On October 10, 2025, a ceasefire was declared. For millions in Gaza, exhausted and grieving, it held the fragile hope that the worst was over. It was a lie. Within days, Israeli forces were back. By December, Gaza's own government had recorded 969 violations. The word "ceasefire" had become a bureaucratic formality, a technical term for a reality that no longer existed.

The real number, the one that haunts, is 75,200. A landmark study in The Lancet Global Health estimated that many had died between October 2023 and January 2025—roughly 3.4 percent of Gaza's entire pre-war population. The official count was lower, not because it was wrong, but because when you destroy a health system, you also destroy the ability to count the dead.

But the weapon wasn't just the bomb. It was the rubble. It was the siege. The study identified over 16,000 "non-violent excess deaths"—people who died because hospitals had collapsed and aid was blocked. As of January, another 488 Palestinians had been killed since the ceasefire. The numbers kept rising.

Then the winter came. The thousands displaced, most of them multiple times over, huddled in makeshift tents across al-Mawasi and Bureij.

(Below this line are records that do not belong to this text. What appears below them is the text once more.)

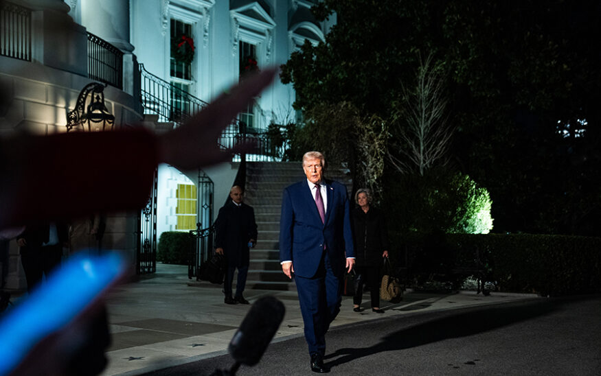 President Donald Trump speaks with the press before boarding Marine One on the South Lawn of the White House on Dec. 19. MUST CREDIT: Demetrius Freeman/The Washington Post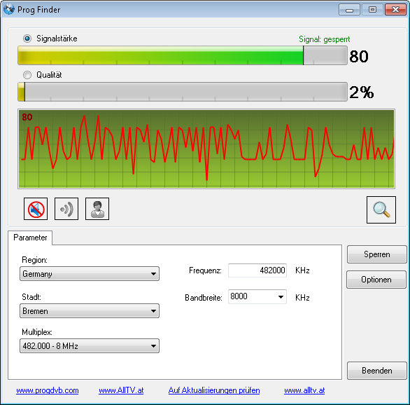Die Karte sollte korrekt installiert sein. Sie wird mir in ProgDVB angezeigt und ist auswählbar. Allerdings finde ich keine Sender. Also habe ich Prog Finder installiert und siehe da: Kein Signal.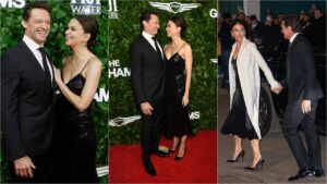 50 წლის სატონს ბრჭყვიალა შავი კაბა ამშვენებდა, 57 წლის ჰიუ კი კლასიკურ კოსტიუმში იყო გამოწყობილი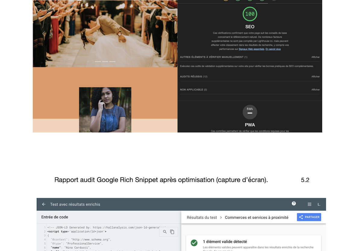 - Mise en place du référencement local (Schema.org) et des métadonnées sociales (Open Graph, Twitter Cards).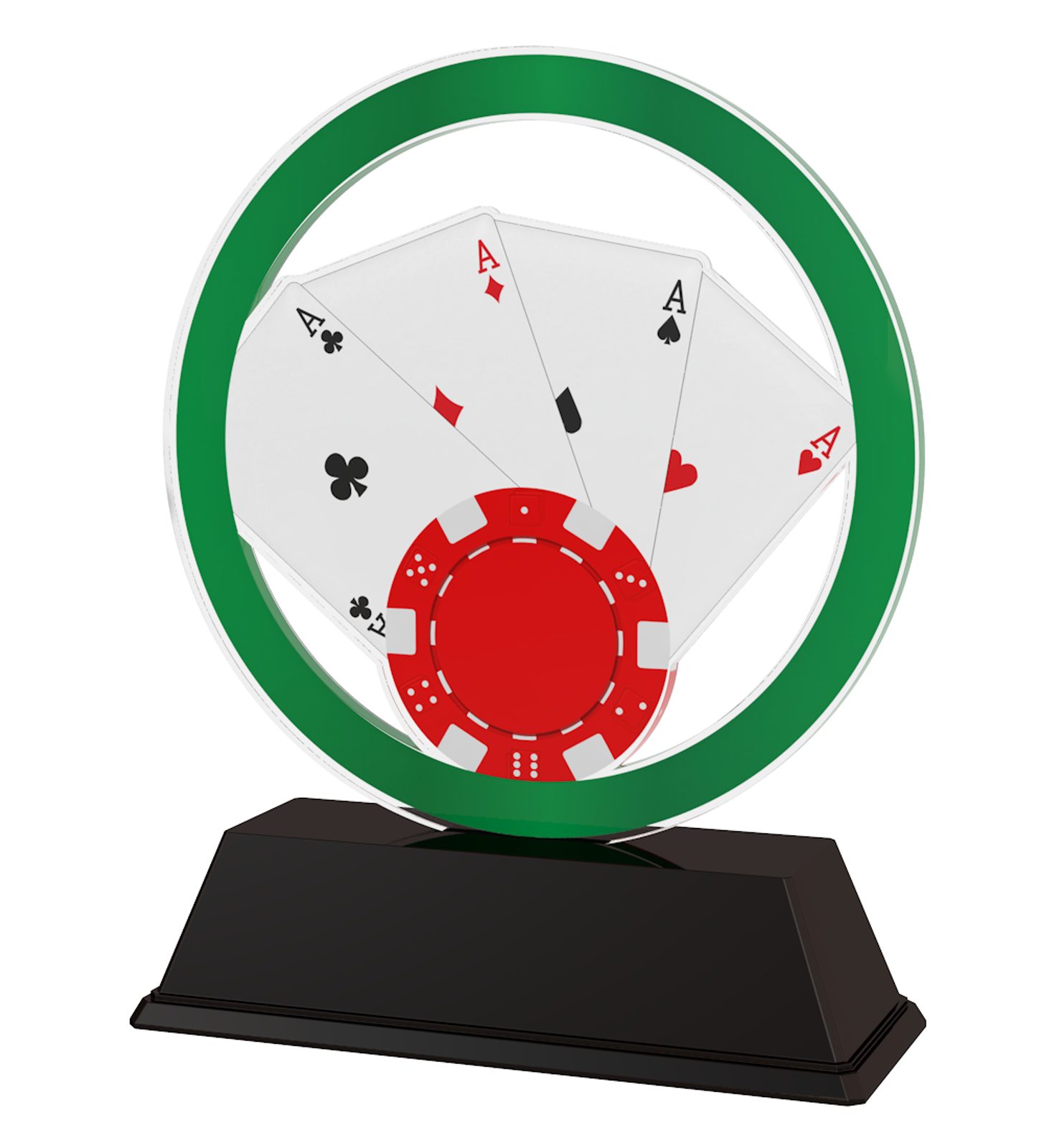 The Essen Poker Trophy is the latest in design. Cut out to shape this trophy comes to life with a high quality full color print on the reverse side of the 5/32" thick acrylic mounted on a black PVC base.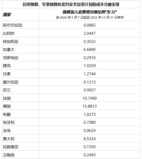 实际上,在共和党内部,想要美国退出北约的人并不少。比如犹他州共和党籍联邦参议员迈克·李等人,就一直在批评北约是冷战遗物,认为北约必须被终止,呼吁美国退出北约。迈克·李给出的理由是北约是保护欧洲的,对于欧洲有利,对美国却没好处,浪费了美国的资源,对美国是不公平的交易。马斯克早在2024年3月,也曾发帖表示:“我一直好奇,为什么北约存在理由,华沙条约组织已经解散了,而北约还一直存在。”同年5月,他再次发帖称:“美国纳税人为北约提供了2/3的预算?看上去很高。”《纽约时报》称白宫助手透露,特朗普在过去一年多的时间里曾多次提出想退出北约。他曾抱怨北约中的欧洲多国没有增加国防开支,这导致美国承担了巨大的负担,甚至是“保护整个欧洲大陆的重担”,认为北约对美国而言是一种消耗。他们归根结底就一个问题:美国凭什么一边交最多的会费,一边还要保护欧洲国家?应该让欧洲自己交钱,聘请美国来保护他们才对!大家都知道,北约(全称:北大西洋公约组织)是一个跨国军事联盟,是一个集体安全组织,当某一个北约成员国遭到第三方攻击时,将会被视为对北约的攻击,北约所有成员国将会集体向第三方发起攻击。你可以把北约简单理解成一个黑帮社团,一个黑老大罩着一帮小弟,哪个小弟在外面被欺负了,老大就带一帮小弟去围殴对方。小弟们则需要按时给社团交保护费,维持日常开销。这种组织在有强大外部威胁(比如苏联)时,大家同仇敌忾,老大站在最前面遮风挡雨,会让人非常有安全感。所以在冷战时期很多国家都想加入北约寻求庇护,苏联解体华约解散后,一帮原华约的成员国跳反,也想加入北约。具体如何加入北约,以及入约步骤环节,我在以前的文章《北约入门手册》中有详细讲述。我们今天详细讲的是北约国防支出的分摊情况。北约是以各个成员国的人均国民总收入+其他因素在内的成本分摊公式,经过计算后,按照比例进行缴纳会费。也就是说有钱的国家交的多,没钱的国家交的少。由于北约一直是美国主导,所以一直以来美国都缴纳了最多的会费,占比为22%,相比之下,32个成员国中有20个国家的会费占比还不到2%。特朗普在第一次当选总统时就对此提出了**,经过讨论,北约同意将美国的会费占比降低到16%,并在2021年开始生效。2025年,北约的会费总额是46亿欧元,那么美国的比例是16%,大概要上交7.36亿欧元。▲2025年北约各国的会费缴纳比例%,有些国家的会费连百分之一都不到,纯粹的白嫖。这种大哥带头保护小弟的模式时间一长,美国又发现不对劲了。许多成员国仗着有北约集体安全保护,将本国的国防支出极限降低,不断降低本国军队规模,省下来的钱用在其他地方,比如提高国民补贴。每年投入国防支出的钱不到GDP的1%。▲欧洲很多国家的军队被极限压缩,人数、装备数量都非常少,有的甚至全国只有几十辆坦克,说白了就是为了省钱,反正有美国罩着。北约所有成员国的财富总和与美国相当,但是成员国的国防支出加起来还不到美国的一半。911反恐时期,美国每年的国防开支占北约整体的三分之二。这种情况,在美国有钱时,它可以睁只眼闭只眼,当美国没钱时, 它就明显不同意了。老大哥每年出最多的钱用最大的力气保护你们,你们反倒连手里的刀都卖了,省下的钱天天吃喝玩乐。于是2006 年北约宣布,各个成员国必须将本国至少2%的GDP用于国防开支,维持必要的军事实力。但这里面还有空子可以钻,比如某国表面上拿出2%GDP用在国防支出上,实际上这些钱全都给部队官兵当奖金补贴发下去了,提高了官兵的生活水平,根本没有买啥武器装备,战斗力上并没有提升。2014年,俄罗斯出兵吞并克里米亚,中东也战乱纷纷,让北约各国意识到危机感。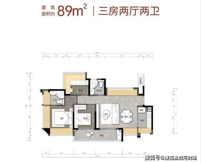 建筑面积约89㎡户型-3房2卫(横厅)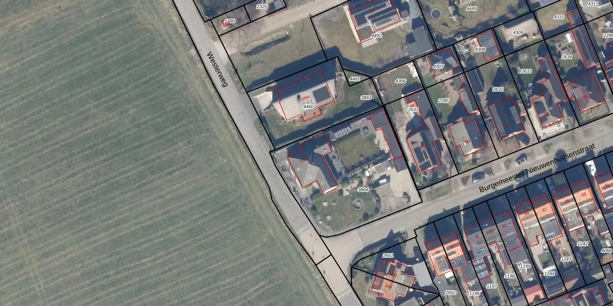 Westerweg 106 is gelegen op kadastraal perceel LMN00C3894. Deze kadastrale aanduiding is uniek en wordt gebruikt door het Kadaster om eigendomsrechten en andere zakelijke rechten vast te leggen. Het perceel maakt onderdeel uit van de kadastrale gemeente Limmen.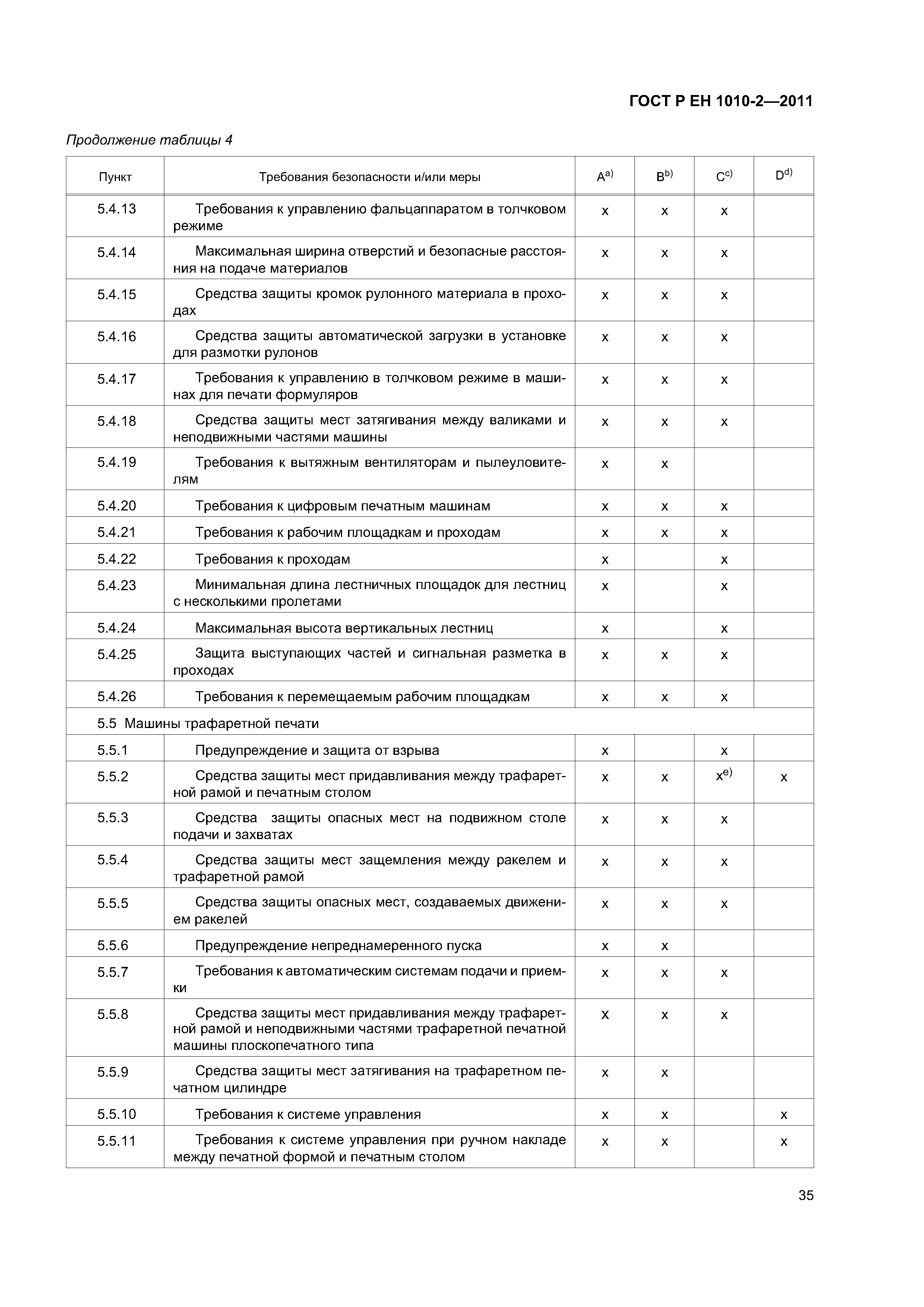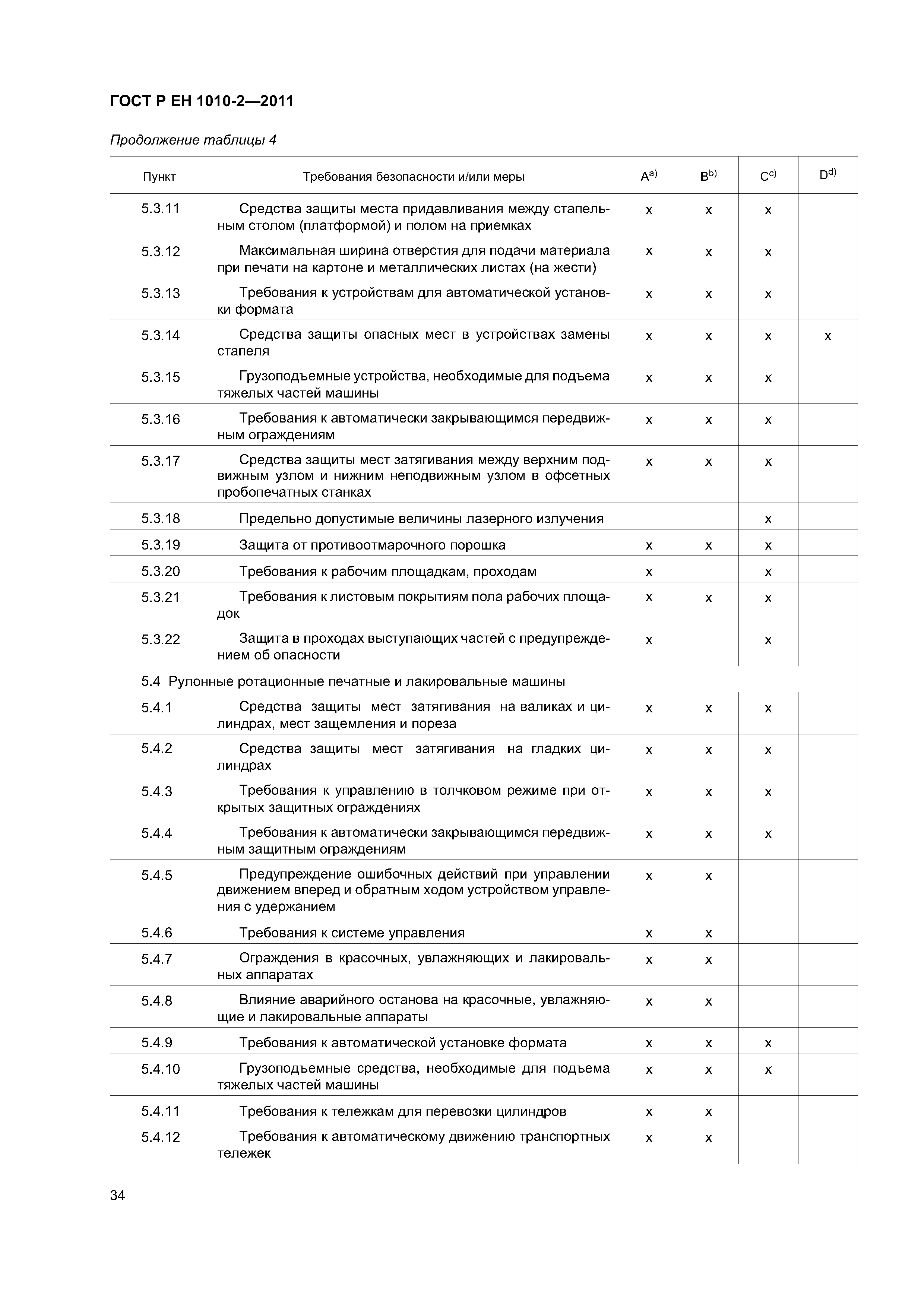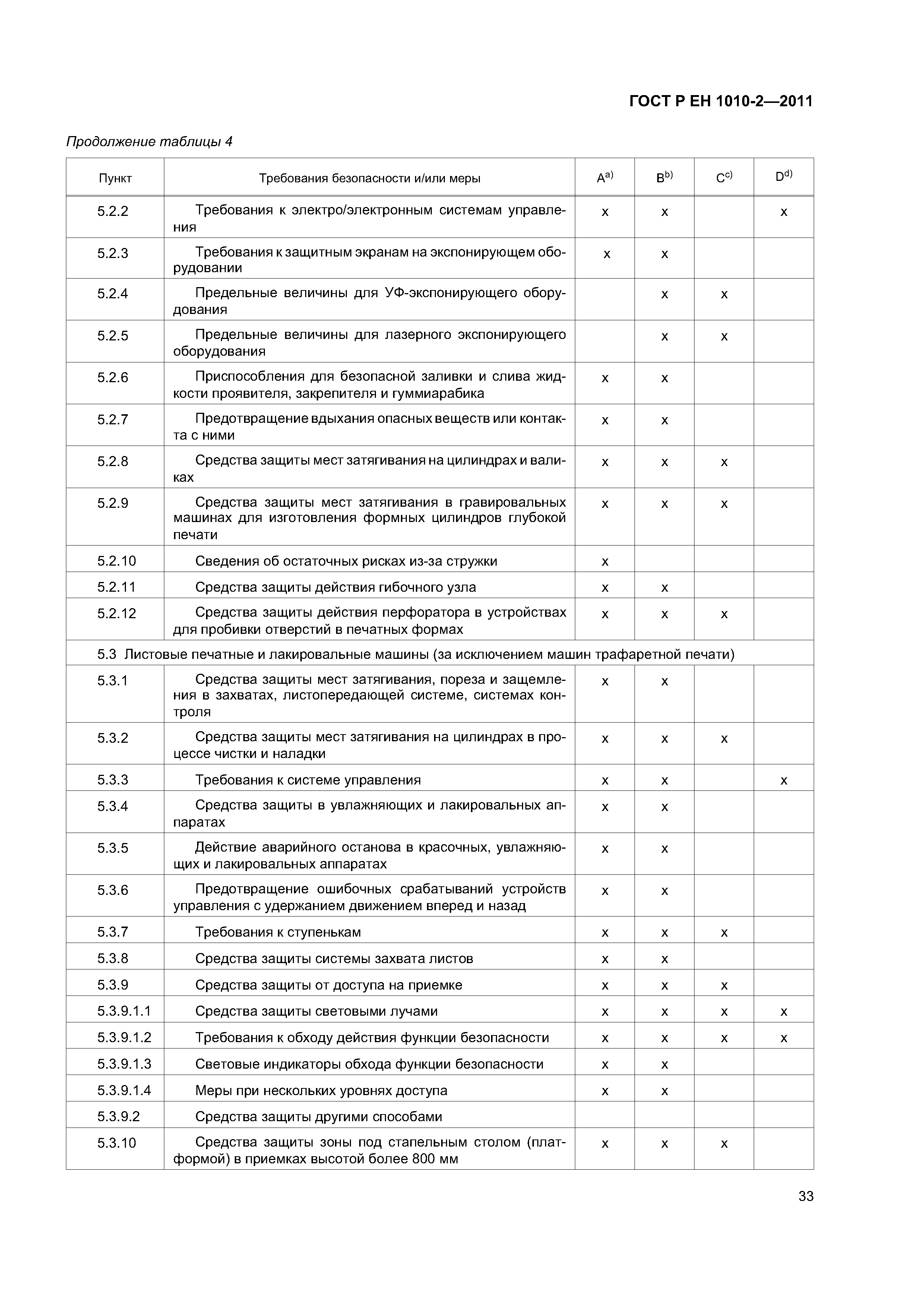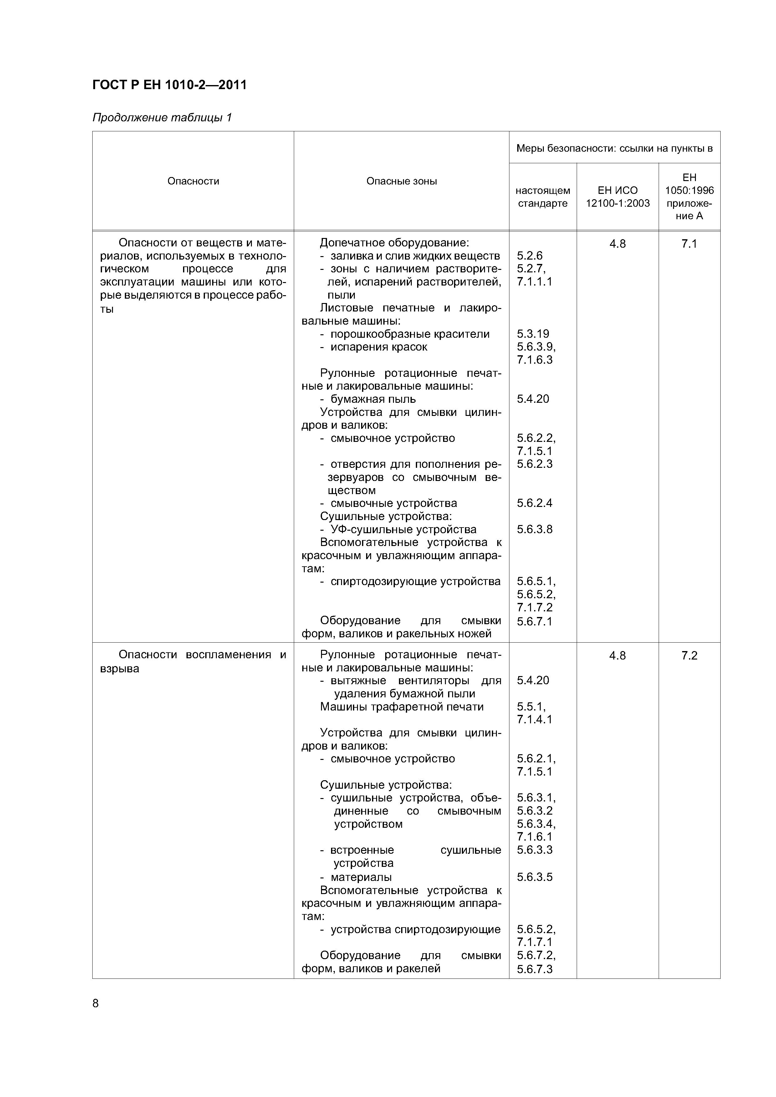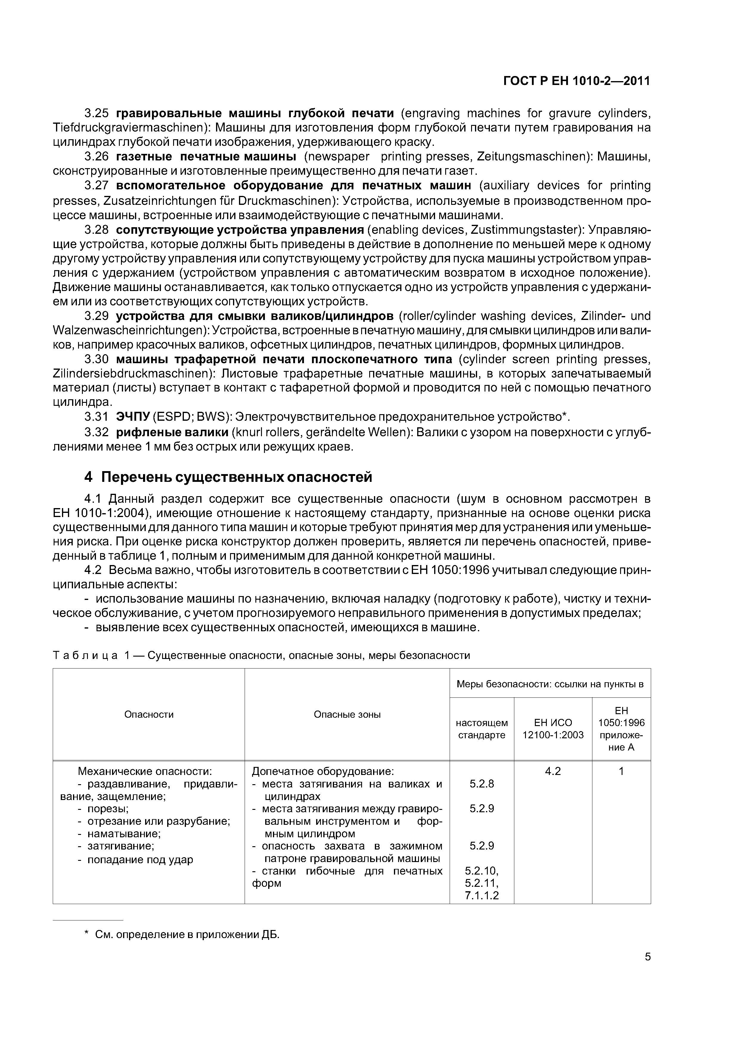 - допечатное оборудование (машины и оборудование для изготовления оригинальных и печатных форм), включая: - экспонирующее оборудование для изготовления фотоформ и печатных форм; - оборудование для проявления фотоформ и печатных форм; - устройства для смывки печатных форм; - гибочные станки для печатных форм; - станки для пробивки отверстий в печатных формах; - устройства для обрезки пленок и печатных форм; - оборудование для изготовления форм глубокой печати; - сканирующие устройства (устройства для считывания изображений); - печатные и лакировальные машины, включая: - пробопечатные станки; - листовые печатные и лакировальные машины, включая цифровые печатные; - рулонные ротационные печатные и лакировальные машины, включая цифровые печатные машины; - машины трафаретной печати; - вспомогательное оборудование, включая; - устройства для смывки цилиндров и валиков; - сушильные устройства; - порошковые противоотмарочные аппараты; - вспомогательные устройства к красочным и увлажняющим аппаратам; - автоматические устройства для закрепления печатной формы; - оборудование для смывки форм, валиков, ракельных ножей; - устройства для переворачивания стоп; - устройства для измерения и управления. Настоящий стандарт следует применять совместно с ГОСТ ЕН 1010-1. Настоящий стандарт не может быть применен к устройствам для чистки высокого давления и машинам трафаретной печати для текстильных материалов. Настоящий стандарт не может быть применен к машинам и оборудованию, которые изготовлены до даты введения настоящего стандарта в действие |

Near-daily strikes hit land right next to those flimsy shelters. Then the rains fell. Tents collapsed. The few possessions families had left were ruined. Aid groups pleaded with Israeli authorities to let emergency shelter through. They were mostly ignored.

In February, B'Tselem recorded another 39 deaths. Children among them. Not from bombs this time. From the weather. From being stripped of shelter and cut off from a hospital that could no longer function.

This wasn't just happening in Gaza. In the West Bank, 2025 was the worst year for displacement on record. Over 37,000 Palestinians driven out, by military raids, settler attacks, home demolitions. More than 33,000 of them came from three refugee camps in the north, communities that were already the product of the displacement of 1948.

The violence moved in lockstep with the law. In early 2026, the Israeli government approved plans to seize vast tracts of the West Bank as "state property," placing the burden of proof on Palestinian families to prove they own the land their ancestors lived on. Amnesty called it an unprecedented escalation of annexation, a project accelerated by U.S. support and the world's silence.

To understand any of this, you have to go back to June 1967.

In six days, Israel tripled its territory, capturing the West Bank and Gaza and putting over a million Palestinians under military occupation overnight. For families, it was not geopolitical. It was the moment ordinary life was simply... stopped. They called it temporary. It never was. That temporary occupation became the foundation for the settlement project we see today, formalized annexation nearly six decades on. The grandchildren of those displaced in '67 are the displaced residents of Jenin and Tulkarem today. Displacement is not a new chapter. It's the same one, still being written.

So at what point does a ceasefire with a969 violations cease to be a ceasefire?

The language of diplomacy ("frameworks," "pauses," "agreements") has been consistently applied to a sustained military campaign against civilians who have nowhere to run. The evidence is no longer in dispute. Mortality data, UN figures, human rights reports: they all point the same way.

The question isn't what is happening anymore. The question is whether the frameworks designed to protect people will ever be applied here with the force they were meant to have. Or whether this place will remain, as it has for six decades, the exception. The place where the rules go to die.